Councilors in the May 28 budget workshop, however, indicated support for reducing the library’s proposed fiscal year 2020 budget increase, from $111,000 to $66,000.

The City Council also gave final approval Tuesday to an ordinance that prohibits the sale to and possession of tobacco products by individuals under the age of 21, closing a loophole in a state law.

In a May 7 workshop, councilors discussed proposed budget increases from 15 different city departments, for expenses ranging from library staffing to recycling fees, voting machine rentals, and social services.

At that workshop, councilors asked the library to find a way to reduce spending and while maintaining services.

Additional hours for an outreach librarian were revised to propose a four-hour increase, making it part-time. The proposal also adds an additioanl five hours to existing library aid positions.

According to Library Director Kevin Davis, the limited hours will make it difficult to explore and pursue community partnerships. He also said the revision eliminates the expense of a benefits package for the outreach librarian.

The revised plan still includes a full-time youth services assistant, up from 20 hours a week, which will allow expansion of children’s programming.

“This is an investment in a city service that reaches so many people across the generations. We we can’t afford not to do it,” Ardsley Avenue resident Jessica Walker told councilors. “It’s an important thing for both young people and older people in our community receive those services.”

The revised proposal reduces service hours from the origonal proposal, with two fewer hours at the main library on Broadway (open Monday through Saturday) and six fewer hours at the branch library on Wescott Road (open Snday through Friday).
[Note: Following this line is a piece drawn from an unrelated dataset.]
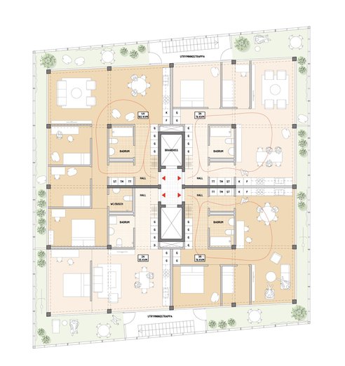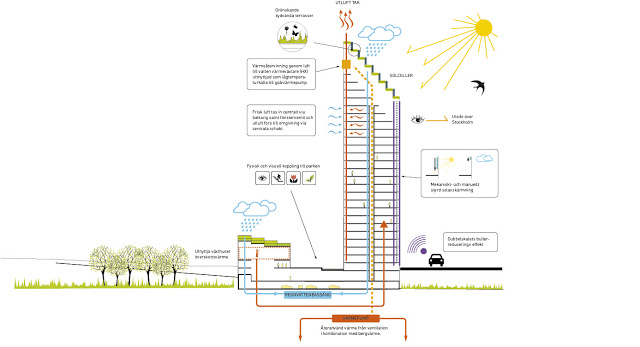 El edificio de este proyecto, diseñado por el estudio de arquitectura CF Møller, tiene 34 plantas y está construido con pilares y vigas de madera, y una estructura nuclear de hormigón.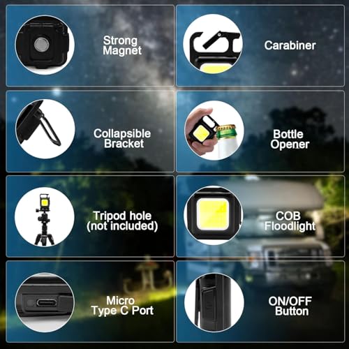 Generic - Rechargeable Mini Flashlight, Bright 3 Lighting Modes, Portable Design with Foldable Bracket, Bottle Opener, Magnetic Base, Perfect for Fishing, Walking, Camping Anytime and Anywhere

The main library would be open 54 hours a week, while the branch would have 24 hours.

“Education is a valuable component of life. You can go to the library and lose yourself and travel the world without stepping outside the building,” Councilor Deqa Dhalac said. “This has provided so much for the community. Our children are here, their parents are here. I am so supportive of the library.”
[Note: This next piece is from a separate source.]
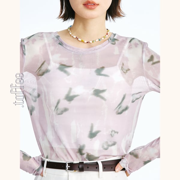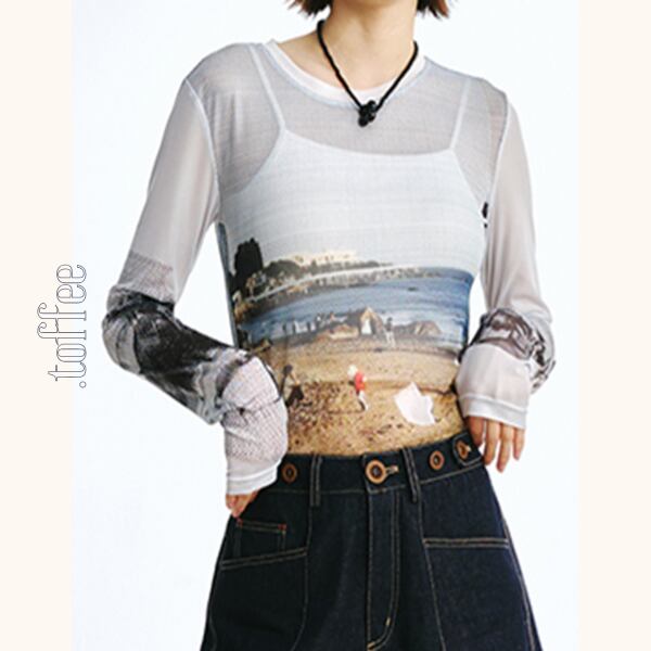 上品な透け感がポイントのシースループリントロングTシャツ。フロント部分に施されたプリントがアクセントになり、おしゃれな存在感を放ちます。ノースリーブワンピースのインナーとしても活躍できる、万能アイテム♡

Finance Director Greg L’Heureux said the proposed reduction in funding for the library would reduce the overall tax rate by two cents.

But even with that adjustment, additional spending of $268,000 that came out of a May 7 budget workshop means the overall tax rate, including school spending, will need to increase another 8 cents, to a proposed $19.25 per $1,000 of valuation – a 75-cent, or 4.05% increase from this year.

The final step in the municipal budget process will be approvoal at the council’s June 18 meeting.

Tobacco ordinance

Second and final approval of an ordinance prohibiting the sale and possession of tobacco products by individuals under the age of 21 passed unanimously, with Councilor Katherine Lewis absent.

The decision effectively closes a gap in Maine law that hiked the age to buy tobacco to 21, but still allowed smoking at 18.

Last July, Maine banned 18-, 19-, and 20-year-olds from buying tobacco products, but exempted people who were already 18-20. South Portland’s action eliminates that exemption in the city.

The council initially discussed the issue at a March 26 workshop, after receiving a recomendation from the Police Department.

Councilors passed the first reading of the ordinance May 14. It will go into effect June 17.

Violations will subject sellers to penalties ranging from $500 to $2,500 per violation. Underage smokers would be required to complete tobacco-related education classes, diversion programs, or specified work for the city.

The city of Portland has already passed a similar ordinance.